** Task to carry out **
Repeat exactly, and only, the lines below starting at the line that contains "Shorter seat depth" and ending at the line that contains "FT124 2.10Z X", inclusive of both.
- Opening Delimiter -
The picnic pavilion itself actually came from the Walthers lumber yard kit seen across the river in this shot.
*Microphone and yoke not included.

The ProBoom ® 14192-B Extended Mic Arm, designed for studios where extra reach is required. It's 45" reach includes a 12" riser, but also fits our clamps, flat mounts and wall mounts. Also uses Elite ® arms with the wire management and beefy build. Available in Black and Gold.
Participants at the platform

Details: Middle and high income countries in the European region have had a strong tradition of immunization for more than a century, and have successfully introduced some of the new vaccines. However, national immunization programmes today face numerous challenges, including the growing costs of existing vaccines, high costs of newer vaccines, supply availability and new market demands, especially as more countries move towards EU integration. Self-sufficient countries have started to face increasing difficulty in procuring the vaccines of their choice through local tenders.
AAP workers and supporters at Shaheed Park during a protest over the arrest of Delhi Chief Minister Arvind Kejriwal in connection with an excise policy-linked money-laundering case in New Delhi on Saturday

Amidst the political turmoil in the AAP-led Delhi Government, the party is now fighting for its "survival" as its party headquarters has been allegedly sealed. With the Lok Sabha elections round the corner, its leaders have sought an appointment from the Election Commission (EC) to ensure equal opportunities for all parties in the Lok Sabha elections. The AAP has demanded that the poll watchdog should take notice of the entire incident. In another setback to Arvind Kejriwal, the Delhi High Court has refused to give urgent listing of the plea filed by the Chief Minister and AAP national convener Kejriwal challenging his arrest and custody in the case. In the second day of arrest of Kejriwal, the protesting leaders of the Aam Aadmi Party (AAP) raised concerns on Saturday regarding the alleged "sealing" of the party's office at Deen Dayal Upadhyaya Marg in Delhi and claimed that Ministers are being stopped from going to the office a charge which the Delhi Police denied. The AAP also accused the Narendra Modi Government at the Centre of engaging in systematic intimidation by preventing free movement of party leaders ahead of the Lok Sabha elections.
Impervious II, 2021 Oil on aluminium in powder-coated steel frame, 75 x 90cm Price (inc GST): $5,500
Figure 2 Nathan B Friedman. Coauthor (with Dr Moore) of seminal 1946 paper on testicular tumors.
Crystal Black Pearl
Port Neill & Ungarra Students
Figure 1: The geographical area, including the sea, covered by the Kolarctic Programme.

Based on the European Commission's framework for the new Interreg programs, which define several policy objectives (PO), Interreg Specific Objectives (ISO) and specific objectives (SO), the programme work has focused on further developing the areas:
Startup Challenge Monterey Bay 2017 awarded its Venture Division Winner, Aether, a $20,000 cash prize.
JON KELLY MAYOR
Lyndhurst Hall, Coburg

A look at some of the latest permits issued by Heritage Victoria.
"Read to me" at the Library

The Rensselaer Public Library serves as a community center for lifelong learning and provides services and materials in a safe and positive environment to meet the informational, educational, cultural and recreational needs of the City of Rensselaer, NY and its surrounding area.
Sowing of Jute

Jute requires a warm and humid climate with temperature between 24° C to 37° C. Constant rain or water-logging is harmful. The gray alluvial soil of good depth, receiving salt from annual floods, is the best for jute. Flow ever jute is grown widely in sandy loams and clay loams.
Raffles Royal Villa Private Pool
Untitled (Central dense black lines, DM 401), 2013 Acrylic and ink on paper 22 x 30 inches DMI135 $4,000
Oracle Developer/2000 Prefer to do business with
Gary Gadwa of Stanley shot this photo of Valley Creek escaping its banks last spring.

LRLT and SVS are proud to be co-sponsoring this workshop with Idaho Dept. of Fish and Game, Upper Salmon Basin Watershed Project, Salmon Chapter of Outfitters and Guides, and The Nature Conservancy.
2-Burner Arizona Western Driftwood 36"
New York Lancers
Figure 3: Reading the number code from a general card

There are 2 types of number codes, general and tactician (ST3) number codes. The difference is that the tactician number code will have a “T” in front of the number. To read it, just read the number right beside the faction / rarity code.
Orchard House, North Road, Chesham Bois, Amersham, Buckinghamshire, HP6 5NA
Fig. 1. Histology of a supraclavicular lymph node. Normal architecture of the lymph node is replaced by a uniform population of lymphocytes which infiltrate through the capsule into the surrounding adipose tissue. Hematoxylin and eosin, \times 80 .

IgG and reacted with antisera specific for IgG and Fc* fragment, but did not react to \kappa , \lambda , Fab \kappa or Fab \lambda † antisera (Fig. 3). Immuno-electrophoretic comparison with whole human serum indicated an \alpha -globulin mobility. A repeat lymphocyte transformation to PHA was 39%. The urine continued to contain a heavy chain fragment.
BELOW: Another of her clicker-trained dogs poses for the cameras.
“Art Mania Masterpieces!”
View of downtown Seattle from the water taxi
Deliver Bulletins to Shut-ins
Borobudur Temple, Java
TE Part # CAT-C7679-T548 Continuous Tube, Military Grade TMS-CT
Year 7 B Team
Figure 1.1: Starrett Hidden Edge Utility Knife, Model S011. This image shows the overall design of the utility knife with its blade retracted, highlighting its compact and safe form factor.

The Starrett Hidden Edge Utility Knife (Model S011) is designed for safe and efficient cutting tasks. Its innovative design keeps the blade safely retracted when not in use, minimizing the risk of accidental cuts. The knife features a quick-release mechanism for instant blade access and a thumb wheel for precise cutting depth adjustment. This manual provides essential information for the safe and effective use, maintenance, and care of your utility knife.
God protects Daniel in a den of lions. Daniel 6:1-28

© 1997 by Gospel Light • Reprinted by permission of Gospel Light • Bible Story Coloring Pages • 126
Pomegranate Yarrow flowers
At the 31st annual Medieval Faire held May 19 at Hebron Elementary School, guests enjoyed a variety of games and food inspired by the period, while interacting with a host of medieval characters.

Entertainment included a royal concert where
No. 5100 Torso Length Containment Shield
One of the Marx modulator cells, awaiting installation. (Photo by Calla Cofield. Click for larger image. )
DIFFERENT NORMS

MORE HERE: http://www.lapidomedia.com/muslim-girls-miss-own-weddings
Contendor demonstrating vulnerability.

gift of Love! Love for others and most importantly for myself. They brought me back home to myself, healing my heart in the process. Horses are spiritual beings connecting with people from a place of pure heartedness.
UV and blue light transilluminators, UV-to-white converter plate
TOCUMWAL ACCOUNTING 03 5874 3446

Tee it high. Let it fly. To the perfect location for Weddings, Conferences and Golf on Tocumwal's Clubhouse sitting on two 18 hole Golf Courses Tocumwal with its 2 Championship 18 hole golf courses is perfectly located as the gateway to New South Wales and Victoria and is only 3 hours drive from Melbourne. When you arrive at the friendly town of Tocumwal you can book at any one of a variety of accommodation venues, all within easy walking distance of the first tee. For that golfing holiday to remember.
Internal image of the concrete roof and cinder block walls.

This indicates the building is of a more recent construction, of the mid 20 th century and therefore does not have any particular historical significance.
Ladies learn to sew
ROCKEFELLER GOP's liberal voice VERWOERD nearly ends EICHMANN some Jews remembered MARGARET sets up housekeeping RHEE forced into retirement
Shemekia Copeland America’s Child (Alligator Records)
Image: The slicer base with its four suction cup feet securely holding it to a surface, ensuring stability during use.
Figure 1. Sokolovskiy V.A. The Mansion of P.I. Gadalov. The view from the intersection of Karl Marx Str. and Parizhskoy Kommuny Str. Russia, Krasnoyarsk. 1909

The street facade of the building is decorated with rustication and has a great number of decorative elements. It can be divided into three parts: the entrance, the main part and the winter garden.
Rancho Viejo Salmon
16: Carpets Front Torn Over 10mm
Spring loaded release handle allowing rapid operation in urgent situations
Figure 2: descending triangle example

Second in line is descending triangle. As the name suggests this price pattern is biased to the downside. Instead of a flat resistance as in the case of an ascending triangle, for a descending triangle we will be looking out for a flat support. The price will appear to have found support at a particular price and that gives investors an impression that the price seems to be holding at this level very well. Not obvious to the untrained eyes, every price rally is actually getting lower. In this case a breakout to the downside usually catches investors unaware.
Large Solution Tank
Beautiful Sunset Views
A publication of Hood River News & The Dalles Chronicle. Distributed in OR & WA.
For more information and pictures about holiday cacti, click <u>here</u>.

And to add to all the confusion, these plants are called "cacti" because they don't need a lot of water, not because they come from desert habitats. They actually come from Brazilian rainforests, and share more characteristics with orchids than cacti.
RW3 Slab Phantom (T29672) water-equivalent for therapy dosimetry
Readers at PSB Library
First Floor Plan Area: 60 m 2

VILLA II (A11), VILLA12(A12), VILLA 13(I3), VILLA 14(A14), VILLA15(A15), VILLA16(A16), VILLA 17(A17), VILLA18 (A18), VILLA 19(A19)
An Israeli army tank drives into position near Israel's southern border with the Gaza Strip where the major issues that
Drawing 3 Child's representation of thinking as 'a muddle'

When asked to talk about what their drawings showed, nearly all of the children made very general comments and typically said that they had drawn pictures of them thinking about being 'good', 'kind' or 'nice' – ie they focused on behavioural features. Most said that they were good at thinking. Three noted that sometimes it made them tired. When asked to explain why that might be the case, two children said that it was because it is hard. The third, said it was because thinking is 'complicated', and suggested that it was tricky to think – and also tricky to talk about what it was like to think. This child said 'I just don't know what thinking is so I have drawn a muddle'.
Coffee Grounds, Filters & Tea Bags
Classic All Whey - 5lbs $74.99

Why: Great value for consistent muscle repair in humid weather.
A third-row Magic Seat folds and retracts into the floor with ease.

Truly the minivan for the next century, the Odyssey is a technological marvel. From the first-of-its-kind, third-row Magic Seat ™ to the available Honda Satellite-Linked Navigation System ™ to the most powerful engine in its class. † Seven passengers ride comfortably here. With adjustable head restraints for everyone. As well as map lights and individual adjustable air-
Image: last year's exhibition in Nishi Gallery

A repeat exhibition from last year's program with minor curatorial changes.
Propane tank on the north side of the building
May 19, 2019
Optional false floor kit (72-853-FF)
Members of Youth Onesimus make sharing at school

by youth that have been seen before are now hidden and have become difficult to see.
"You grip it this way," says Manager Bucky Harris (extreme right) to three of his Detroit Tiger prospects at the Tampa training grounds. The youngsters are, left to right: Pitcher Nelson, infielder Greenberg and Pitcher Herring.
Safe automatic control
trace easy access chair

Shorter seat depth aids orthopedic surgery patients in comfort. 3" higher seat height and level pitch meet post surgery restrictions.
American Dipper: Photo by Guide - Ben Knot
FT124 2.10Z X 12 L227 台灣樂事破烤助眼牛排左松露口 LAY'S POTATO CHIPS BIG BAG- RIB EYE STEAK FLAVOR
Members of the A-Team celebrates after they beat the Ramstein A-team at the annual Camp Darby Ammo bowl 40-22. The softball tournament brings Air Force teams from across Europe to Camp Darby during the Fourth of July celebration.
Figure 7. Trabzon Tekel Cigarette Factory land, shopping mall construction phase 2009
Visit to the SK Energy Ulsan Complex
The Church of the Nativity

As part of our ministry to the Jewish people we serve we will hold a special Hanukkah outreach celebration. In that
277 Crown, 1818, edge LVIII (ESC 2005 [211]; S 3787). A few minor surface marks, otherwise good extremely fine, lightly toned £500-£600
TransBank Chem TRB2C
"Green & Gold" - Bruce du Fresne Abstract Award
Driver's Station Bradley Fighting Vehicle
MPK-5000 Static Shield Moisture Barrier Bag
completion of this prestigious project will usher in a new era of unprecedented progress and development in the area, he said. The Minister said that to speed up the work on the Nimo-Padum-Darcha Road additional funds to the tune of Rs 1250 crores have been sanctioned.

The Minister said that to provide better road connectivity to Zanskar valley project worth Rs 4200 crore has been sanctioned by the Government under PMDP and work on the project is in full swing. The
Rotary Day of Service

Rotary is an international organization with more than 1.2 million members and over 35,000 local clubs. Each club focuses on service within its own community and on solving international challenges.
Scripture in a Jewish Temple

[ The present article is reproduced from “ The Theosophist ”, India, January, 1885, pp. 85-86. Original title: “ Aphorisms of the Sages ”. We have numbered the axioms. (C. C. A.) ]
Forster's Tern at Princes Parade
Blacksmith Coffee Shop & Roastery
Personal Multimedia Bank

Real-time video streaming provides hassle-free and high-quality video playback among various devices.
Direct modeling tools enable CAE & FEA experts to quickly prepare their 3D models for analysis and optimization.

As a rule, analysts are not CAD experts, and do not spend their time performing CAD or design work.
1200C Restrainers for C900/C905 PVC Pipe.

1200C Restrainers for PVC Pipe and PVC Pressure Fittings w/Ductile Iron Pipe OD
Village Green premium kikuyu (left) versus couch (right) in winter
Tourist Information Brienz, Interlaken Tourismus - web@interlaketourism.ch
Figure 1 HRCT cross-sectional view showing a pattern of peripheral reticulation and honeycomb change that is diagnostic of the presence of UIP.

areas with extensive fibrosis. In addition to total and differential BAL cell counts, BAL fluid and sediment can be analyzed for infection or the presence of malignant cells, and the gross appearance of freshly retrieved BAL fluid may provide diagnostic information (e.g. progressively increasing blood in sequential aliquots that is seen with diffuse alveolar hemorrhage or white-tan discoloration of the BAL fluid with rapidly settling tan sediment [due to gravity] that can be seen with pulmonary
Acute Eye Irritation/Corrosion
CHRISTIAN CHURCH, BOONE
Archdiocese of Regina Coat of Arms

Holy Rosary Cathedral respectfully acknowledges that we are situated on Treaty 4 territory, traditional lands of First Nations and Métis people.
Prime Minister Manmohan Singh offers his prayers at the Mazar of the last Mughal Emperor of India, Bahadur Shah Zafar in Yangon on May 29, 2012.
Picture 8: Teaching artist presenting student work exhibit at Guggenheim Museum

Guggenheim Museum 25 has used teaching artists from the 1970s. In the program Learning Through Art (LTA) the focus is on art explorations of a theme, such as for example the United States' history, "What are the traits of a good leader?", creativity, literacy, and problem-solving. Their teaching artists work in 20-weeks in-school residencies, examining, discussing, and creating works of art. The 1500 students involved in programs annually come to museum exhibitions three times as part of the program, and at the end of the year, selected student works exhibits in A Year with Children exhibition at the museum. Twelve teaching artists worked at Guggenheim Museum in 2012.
- Closing Delimiter -
** Written answer **
Shorter seat depth aids orthopedic surgery patients in comfort. 3" higher seat height and level pitch meet post surgery restrictions.
American Dipper: Photo by Guide - Ben Knot
FT124 2.10Z X 12 L227 台灣樂事破烤助眼牛排左松露口 LAY'S POTATO CHIPS BIG BAG- RIB EYE STEAK FLAVOR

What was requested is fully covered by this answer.